Some of Burnham’s borrowed supporters also appeared to come from the right, including voters who have backed Reform in the past.
In the 2024 general election, Joseph, 50, a heavy goods driver, voted for the Reform candidate, Robert Kenyon.
“I’m not a Labour fan but I like Burnham and I think this is bigger than just us here,” he said. “I voted for him this time, because at least for the next few years I think he’s the best chance we have.”
Ellen, 63, said that any fondness she and her peers had for Farage had waned over the past year, and she was eager to stop Reform from winning in her constituency.
“I don’t trust him [Farage] any more.
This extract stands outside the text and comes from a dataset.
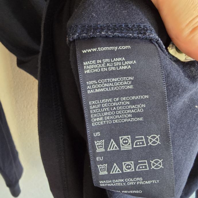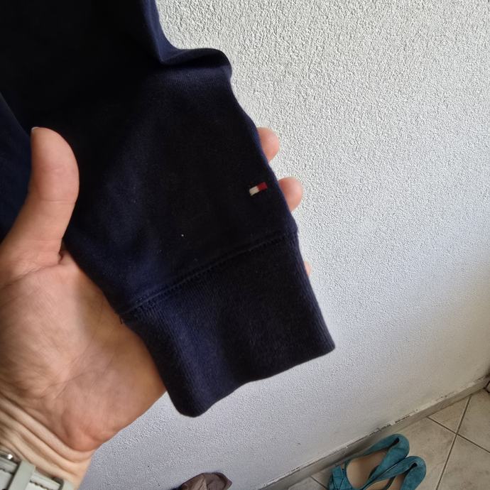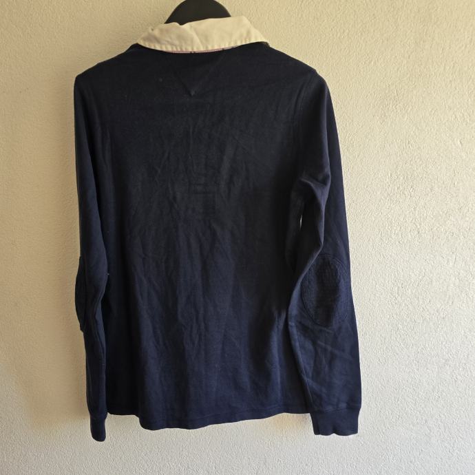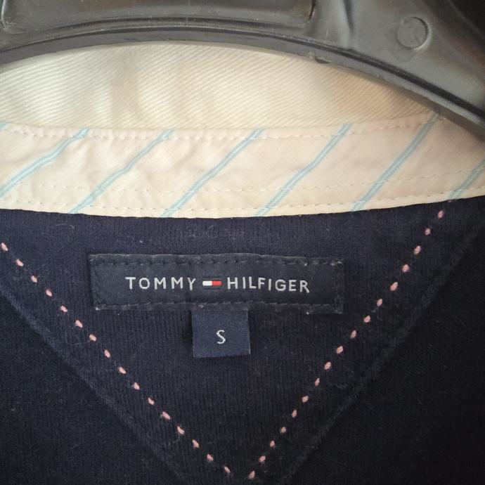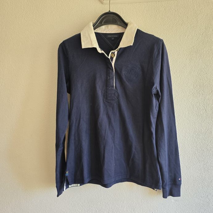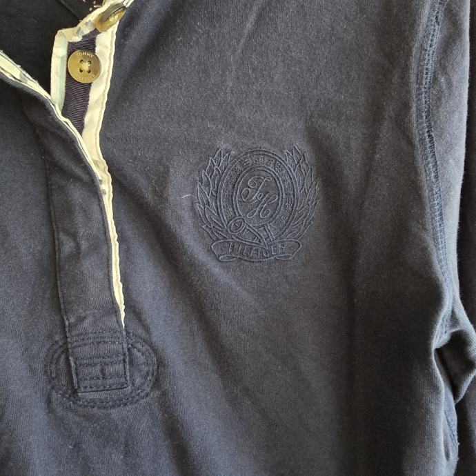 Tamnoplava polo majica Tommy Hilfiger veličina S. Ramena 36cm, prsa 46cm, rukavi 64cm, dužina naprijed 62cm, dužina iza 65cm. 100% pamuk.

I think he’s backwards, and the man who they chose to stand here, I think he’s an odd one,” she said. “I don’t like the stuff he said about women, and I get a bad sense from him. I’m not pro-Labour but if he [Burnham] was the other option I was happy to vote for him.
“I’m happy he won and I’m really happy that it’s over.”
Amber, 37, is one of only 308 people who voted for the Green candidate, Sarah Wakefield, but said she had considered backing Burnham instead.
“I live on a very pro-Burnham street, so I’ve been seeing a lot of red recently, I would have been shocked if he’d lost,” she said.
“I was tempted and I’m glad he won because I’d have felt awful if Reform had got in. I know other people who usually vote Green who backed him and I understand it. I think it was something a lot of people who don’t like Labour did.”